United States v. Feekes

582 F. Supp. 1272, 1984 U.S. Dist. LEXIS 18471
CourtDistrict Court, E.D. Wisconsin
DecidedMarch 20, 1984
DocketNos. 82-CR-90, 82-CR-112
StatusPublished

This text of 582 F. Supp. 1272 (United States v. Feekes) is published on Counsel Stack Legal Research, covering District Court, E.D. Wisconsin primary law. Counsel Stack provides free access to over 12 million legal documents including statutes, case law, regulations, and constitutions.

Bluebook
United States v. Feekes, 582 F. Supp. 1272, 1984 U.S. Dist. LEXIS 18471 (E.D. Wis. 1984).

Opinion

DECISION and ORDER

MYRON L. GORDON, Senior District Judge.

The defendant in these cases has filed a motion pursuant to 28 U.S.C. § 2255 to vacate, set aside, or correct sentence. Having considered Mr. Feekes’ motion, the answer of the United States Attorney, and the files and records of this case, I conclude that the motion must be denied.

On July 20, 1982, Mr. Feekes pled guilty, pursuant to a plea agreement, to a one-count information that charged him with [1274]*1274having committed a robbery on February 3, 1982, at the First Savings Bank in West Allis, Wisconsin (case no. 82-CR-90). On August 27, 1982, also in accordance with a plea agreement, Mr. Feekes pled guilty to a second one-count information charging him with having committed a robbery on January 22, 1982, of the Tri-City National Bank in West Allis (case no. 82-CR-112). On August 27, 1982,1 sentenced Mr. Feekes to 25 years imprisonment for the robbery charged in case no. 82-CR-90 and 10 years consecutive imprisonment for the robbery charged in case no. 82-CR-112.

Mr. Feekes’ present motion challenges the sentences in both cases; his motion contains a technical flaw, since Rule 2(c), Rules Governing Proceedings in the United States District Courts under Section 2255 of Title 28, United States Code, provides that a motion under that section shall be limited to a claim for relief against no more than one judgment of the district court. However, this procedural defect will be ignored, since the plea agreement in question actually encompassed both cases and the issues involved are the same in both.

The first ground on which Mr. Feekes challenges his sentences in cases 82-CR-90 and 82-CR-112 is that no factual basis existed for his guilty pleas. At the plea and sentencing proceedings, Mr. Feekes indicated that he could not remember committing the specific robberies charged, due to his heavy drug use at the time. He now asserts that his lapse of memory necessitates a determination that there was no factual basis for his guilty pleas and that the pleas are therefore invalid.
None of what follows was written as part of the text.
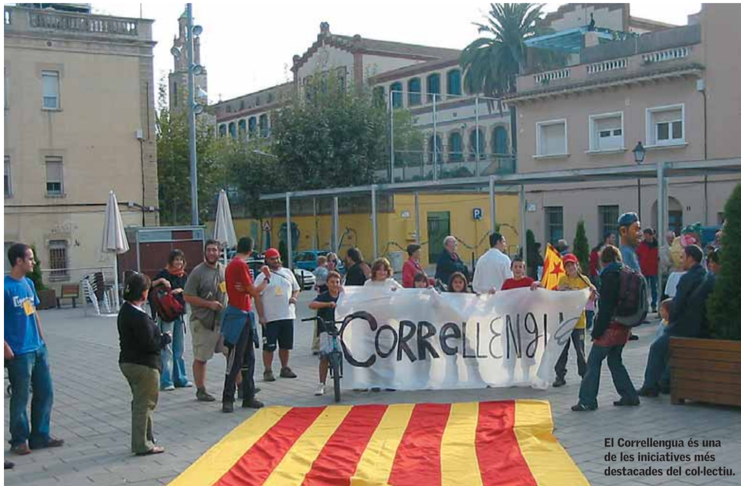
El Correllellengua és una de les iniciatives més destacades del col·lectiu.

El grup de joves vol dinamitzar el municipi i recuperar tradicions

At the time the pleas were taken, the government presented offers of proof concerning the offenses alleged. The factual basis for the robbery in no. 82-CR-90 included three eyewitnesses, two of whom had positively identified Mr. Feekes as the robber from both photographs and a live line-up. Transcript of July 20, 1982, arraignment and plea proceeding at 14-16 (hereinafter July 20 Tr.). The government’s offer of proof also included a surveillance photograph of Mr. Feekes in the bank during the robbery. Id. at 16. The offer of proof in case no. 82-CR-112 included two eyewitnesses. At a line-up, one of these witnesses stated she was positive Mr. Feekes was the robber, while the other said she was “almost certain” he was the robber. Transcript of August 27, 1982, arraignment, plea and sentencing proceeding at 12 (hereinafter August 27 Tr.). At the plea and sentencing proceedings, Mr. Feekes’ attorney stated that he had attended the line-up proceedings referred to in the offers of proof and that he believed the facts put forth by the government were correct. July 20 Tr. at 20-21; August 27 Tr. at 13.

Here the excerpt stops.